Schwerterklirren erfüllte die stickige Luft. Fackeln wurden entzündet, denn der Abend dunkelte in die Nacht hinein. Über das Geviert des Hofes spannte sich ein Stück des schwärzlich-blauen Himmels.

Schwer rasselten die bepanzerten Rosse der Streifer durch den Torweg hinaus in die Nacht gegen Rom zu. Marcello führte sie. Sein Banner trug er im Herzen, die Liebe zu Tiziana.

Auf den Türmen zeigten sich die ersten Helme der Wächter. Alle Augen lugten gespannt ins Vorfeld. Dort ritt der kleine, bewegliche Leutnant Montfort auf seiner schlanken Stute von Posten zu Posten. Ins Uferrohr am Tiber legten sich die Wachen und lauschten dem Wellenschlag, der vielleicht das Nahen feindlicher Barken künden konnte.

Die Stille der Nacht fing an, Regentin zu werden. Manchmal hörte man den Hufschlag auf dem harten Gestein im Vorfeld, dann täuschende, unbestimmte Geräusche, oft aus dem Schoß der Einbildung geboren.

Der Kardinal stieg zur Grabkapelle der Orsini hinab und ließ die eisenbeschlagne Pforte öffnen. Dort stand er lange in Gedanken versunken. Er ließ sich in die Knie und bat an der Gruft des Geschlechts, wo seit mehr als zweihundert Jahren die edlen Häupter von Monterotondo lagen, seinen Gott um Schutz für Tizianas Leben. Der Geist des Ahnherrn Rinaldo Orsini, dessen marmornes Relief unter dem Schein der Fackel geisterhaft aufleuchtete, schien sein Gebet zu segnen. Und der ehrwürdige Senator Matteo Orsini rührte sich wohl in seinem Sarkophag und gab sein Amen ebenso zu dem Gebet wie der wackre Kardinal Napoleon Orsini, der jetzt den geistlichen Nachfahren seines Geschlechts aus der Gruft heraus zum Sieg anspornte. Der Manen leiser Geistergruß in stiller Nacht erfüllte des Kardinals Herz mit Zuversicht.

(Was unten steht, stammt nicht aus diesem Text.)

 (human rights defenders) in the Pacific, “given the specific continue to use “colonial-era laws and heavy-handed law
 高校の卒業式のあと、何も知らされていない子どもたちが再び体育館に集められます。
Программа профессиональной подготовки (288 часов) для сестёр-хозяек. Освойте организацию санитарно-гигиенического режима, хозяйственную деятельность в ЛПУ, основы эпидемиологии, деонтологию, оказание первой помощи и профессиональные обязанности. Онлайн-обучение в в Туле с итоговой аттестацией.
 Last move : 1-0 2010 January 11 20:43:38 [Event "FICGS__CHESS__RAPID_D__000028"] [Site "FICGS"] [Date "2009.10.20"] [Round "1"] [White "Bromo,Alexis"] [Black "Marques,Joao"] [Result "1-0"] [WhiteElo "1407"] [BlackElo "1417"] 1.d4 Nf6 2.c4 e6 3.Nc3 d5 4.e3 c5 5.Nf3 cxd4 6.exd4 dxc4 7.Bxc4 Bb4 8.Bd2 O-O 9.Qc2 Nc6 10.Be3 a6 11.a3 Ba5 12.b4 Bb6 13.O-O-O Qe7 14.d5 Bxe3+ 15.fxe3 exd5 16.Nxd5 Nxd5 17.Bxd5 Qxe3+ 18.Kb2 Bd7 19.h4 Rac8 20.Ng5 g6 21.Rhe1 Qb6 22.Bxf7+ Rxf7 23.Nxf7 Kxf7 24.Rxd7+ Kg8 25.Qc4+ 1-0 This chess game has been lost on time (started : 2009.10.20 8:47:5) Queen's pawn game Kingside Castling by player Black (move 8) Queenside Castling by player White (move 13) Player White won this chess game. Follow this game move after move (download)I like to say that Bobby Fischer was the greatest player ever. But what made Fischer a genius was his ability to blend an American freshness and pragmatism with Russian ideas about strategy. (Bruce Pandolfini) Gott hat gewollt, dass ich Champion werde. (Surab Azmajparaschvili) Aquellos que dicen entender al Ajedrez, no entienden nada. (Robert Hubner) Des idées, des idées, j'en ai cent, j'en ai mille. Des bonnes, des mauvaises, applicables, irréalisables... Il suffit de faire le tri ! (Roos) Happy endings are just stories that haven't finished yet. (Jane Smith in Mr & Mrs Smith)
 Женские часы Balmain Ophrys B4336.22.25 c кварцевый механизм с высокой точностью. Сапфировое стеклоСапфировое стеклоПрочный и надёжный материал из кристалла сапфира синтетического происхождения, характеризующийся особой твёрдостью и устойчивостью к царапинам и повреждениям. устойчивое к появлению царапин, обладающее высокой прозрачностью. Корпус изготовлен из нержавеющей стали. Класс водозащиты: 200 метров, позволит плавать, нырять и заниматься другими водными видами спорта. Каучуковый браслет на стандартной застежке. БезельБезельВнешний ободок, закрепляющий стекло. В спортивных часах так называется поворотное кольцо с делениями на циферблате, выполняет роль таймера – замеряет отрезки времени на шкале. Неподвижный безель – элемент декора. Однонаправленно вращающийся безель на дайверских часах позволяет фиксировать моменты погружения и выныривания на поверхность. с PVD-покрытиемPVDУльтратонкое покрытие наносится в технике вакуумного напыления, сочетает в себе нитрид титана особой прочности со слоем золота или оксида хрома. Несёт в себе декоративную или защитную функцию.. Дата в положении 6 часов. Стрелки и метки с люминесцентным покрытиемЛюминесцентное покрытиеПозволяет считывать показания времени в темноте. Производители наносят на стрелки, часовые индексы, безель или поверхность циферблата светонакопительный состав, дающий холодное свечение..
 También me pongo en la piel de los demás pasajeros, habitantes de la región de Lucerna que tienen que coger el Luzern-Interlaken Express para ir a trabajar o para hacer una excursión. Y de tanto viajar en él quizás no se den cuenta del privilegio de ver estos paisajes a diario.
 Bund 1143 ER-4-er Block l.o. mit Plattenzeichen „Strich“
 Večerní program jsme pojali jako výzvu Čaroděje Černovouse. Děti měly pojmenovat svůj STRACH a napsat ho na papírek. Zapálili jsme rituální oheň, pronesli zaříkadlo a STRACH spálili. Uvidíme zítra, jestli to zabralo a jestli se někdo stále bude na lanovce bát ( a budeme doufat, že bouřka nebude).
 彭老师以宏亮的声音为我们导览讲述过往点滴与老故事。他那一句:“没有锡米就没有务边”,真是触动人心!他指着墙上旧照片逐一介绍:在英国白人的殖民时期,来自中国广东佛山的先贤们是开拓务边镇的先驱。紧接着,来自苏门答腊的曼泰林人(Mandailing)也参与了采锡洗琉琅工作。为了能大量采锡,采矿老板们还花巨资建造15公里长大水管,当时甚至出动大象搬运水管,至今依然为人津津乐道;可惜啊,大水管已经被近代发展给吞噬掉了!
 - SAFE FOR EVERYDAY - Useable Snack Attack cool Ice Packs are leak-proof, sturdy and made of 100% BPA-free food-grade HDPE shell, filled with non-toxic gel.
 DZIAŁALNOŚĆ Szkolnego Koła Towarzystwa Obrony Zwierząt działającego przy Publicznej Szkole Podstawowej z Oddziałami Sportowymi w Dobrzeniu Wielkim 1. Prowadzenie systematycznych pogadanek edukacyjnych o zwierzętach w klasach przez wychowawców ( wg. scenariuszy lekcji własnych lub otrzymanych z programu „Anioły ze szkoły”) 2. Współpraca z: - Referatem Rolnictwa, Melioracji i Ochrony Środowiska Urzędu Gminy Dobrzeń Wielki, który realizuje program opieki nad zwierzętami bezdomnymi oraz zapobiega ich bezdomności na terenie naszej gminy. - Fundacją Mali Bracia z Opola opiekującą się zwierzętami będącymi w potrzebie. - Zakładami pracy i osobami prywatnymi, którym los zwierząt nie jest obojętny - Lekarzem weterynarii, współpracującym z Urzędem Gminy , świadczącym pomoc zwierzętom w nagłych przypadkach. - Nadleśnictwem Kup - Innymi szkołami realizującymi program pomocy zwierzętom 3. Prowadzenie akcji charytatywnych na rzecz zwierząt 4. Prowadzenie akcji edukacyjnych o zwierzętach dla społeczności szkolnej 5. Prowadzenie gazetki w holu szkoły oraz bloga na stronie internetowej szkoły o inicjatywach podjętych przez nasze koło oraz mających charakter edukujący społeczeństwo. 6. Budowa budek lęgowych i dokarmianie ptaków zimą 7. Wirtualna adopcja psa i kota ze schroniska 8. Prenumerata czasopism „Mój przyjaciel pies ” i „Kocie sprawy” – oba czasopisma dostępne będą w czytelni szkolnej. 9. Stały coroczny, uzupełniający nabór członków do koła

Mit raschen Schritten verließ er die Gruft und eilte die Treppen hinauf in die obern Gemächer und Wehrgänge. Durch eine Luke sah er in die Nacht hinaus, die sich in ihr silbernes Kleid warf. Die Bergklippen senkten sich da drüben jäh zum Tiber hinab und waren jetzt von finstern Schatten überdeckt, während der sanfte nahe Hang im weißlichen Licht blendend wie am Tage da lag. Die steilragenden Mauern der Burg, das Gezacke, die düstern Fenster und Schießscharten riefen wohl ein Gefühl der Unbezwinglichkeit in seinem Herzen wach, aber dennoch bangte ihm bei dem Gedanken, daß eine längere Belagerung oder Feuerbrände alles vernichten konnten.

Da wurde er zu seiner Mutter gerufen. Frau Ginevra saß mit verweinten Augen im Bett. Zu ihren Füßen kauerte, den Kopf in die Arme geworfen, Tiziana. Der Kardinal lief wie ein Knabe der Mutter ans Herz. »Mutter, sei beruhigt –«

»Diese Savelli! Diese finstern Savelli! Was wollen sie von dir?« zitterte das greise Herz. Der lebensmüde Kopf konnte das alles nicht mehr fassen.

»Sie sagen mir Kampf an,« belehrte sie der Kardinal. Und dann deckte er ihr mühselig das ganze Geheimnis der Tiziana Malaspina auf.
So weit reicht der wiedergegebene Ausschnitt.